2. While the potatoes and chickpeas are cooking you can start on your veggies. Before using your produce be sure to rinse veggies very well. I use a produce wash spray by the Honest brand that I love. Start off with the greens by rinsing and drying with a spinner or paper towels to soak up excess liquid. You want the greens base layer to be nice and dry so it can absorb flavor and keep for a few hours in the fridge (if needed) without getting mushy. Toss the prepped greens with 2-3 tsp of lemon juice and a pinch of salt and pepper. Layer them in the bottom of your serving platter.
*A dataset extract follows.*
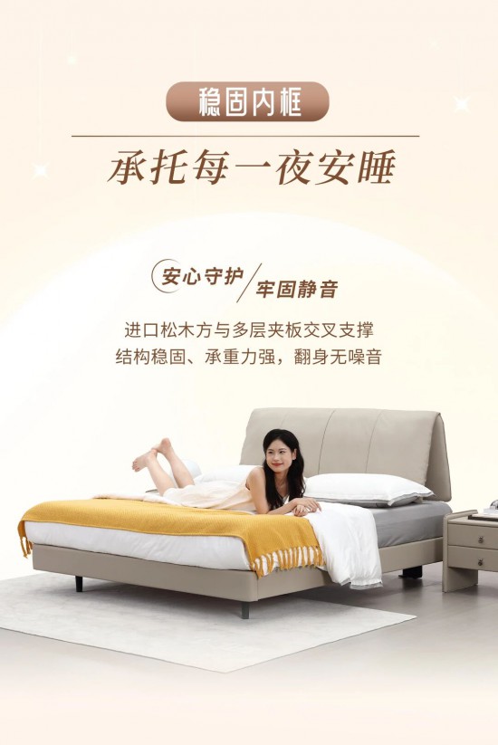 核心提示:空間從容且舒展,輕盈體量,通透視覺,內收高腳設計,床體翩然懸浮清潔無憂,詮釋生活詩意。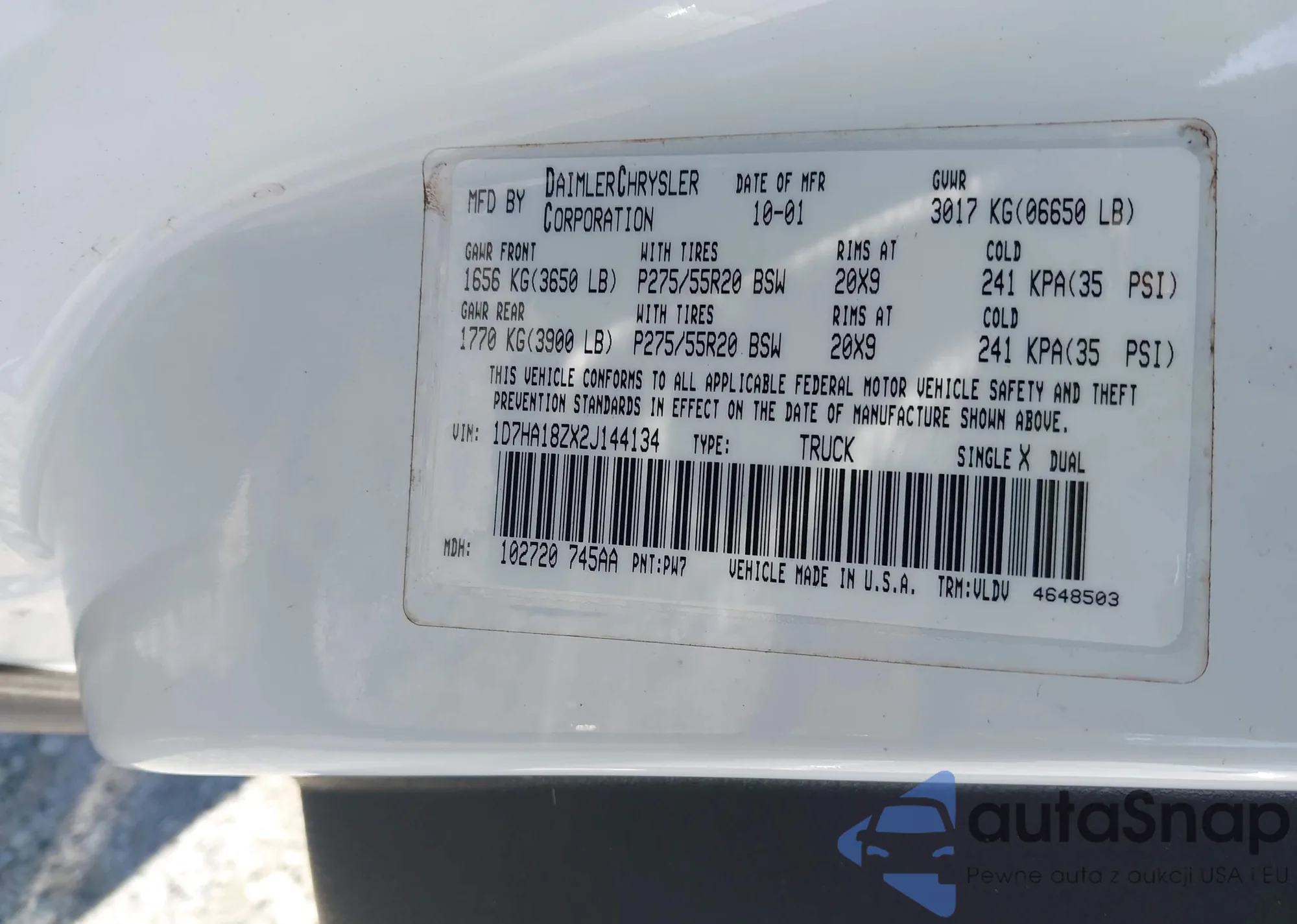 • VIN 1D7HA18ZX2J144134

I used a deep pie dish.
3. Toss the diced tomatoes with 2 Tbsp of lemon juice, the minced garlic, onion, optional walnut or olive oil and a pinch of salt and pepper. Allow the tomatoes to marinate in that mixture for at least five minutes. After five minutes (or longer) pour the tomatoes onto the greens, including the leftover liquid that they were soaking in.
4. Add the diced avocado, tossed in lemon juice, over top the greens.
5. Add the beets or radishes.
6. Add the nut/seed accent, I added walnuts.
7. The last addition to the platter is those warm ingredients. Add the warm chickpeas and potatoes over top the greens. You can serve this salad hot/cold with the crisp veggies paired with the warm legumes and potatoes, or you can place everything in the fridge to chill. Both ways are delicious! You could also make the salad ahead of time and wait to make the warm ingredients right before serving.
8. The last step is the dressing. Whisk together the dressing. You can pour the dressing over the salad right before serving or pour it over now and allow it to marinate into the veggies for a few hours if making ahead of time. Garnish with fresh citrus slices like lemon.
Serve! Add a little bit of everything to each serving bowl. or if you really like your salads tossed well you could serve the platter all pretty like this, then toss it all into a large salad bowl and toss well to serve.
Tip! I made EXTRA potatoes to add over top my salad to give it an extra-potato flavor which I just adored.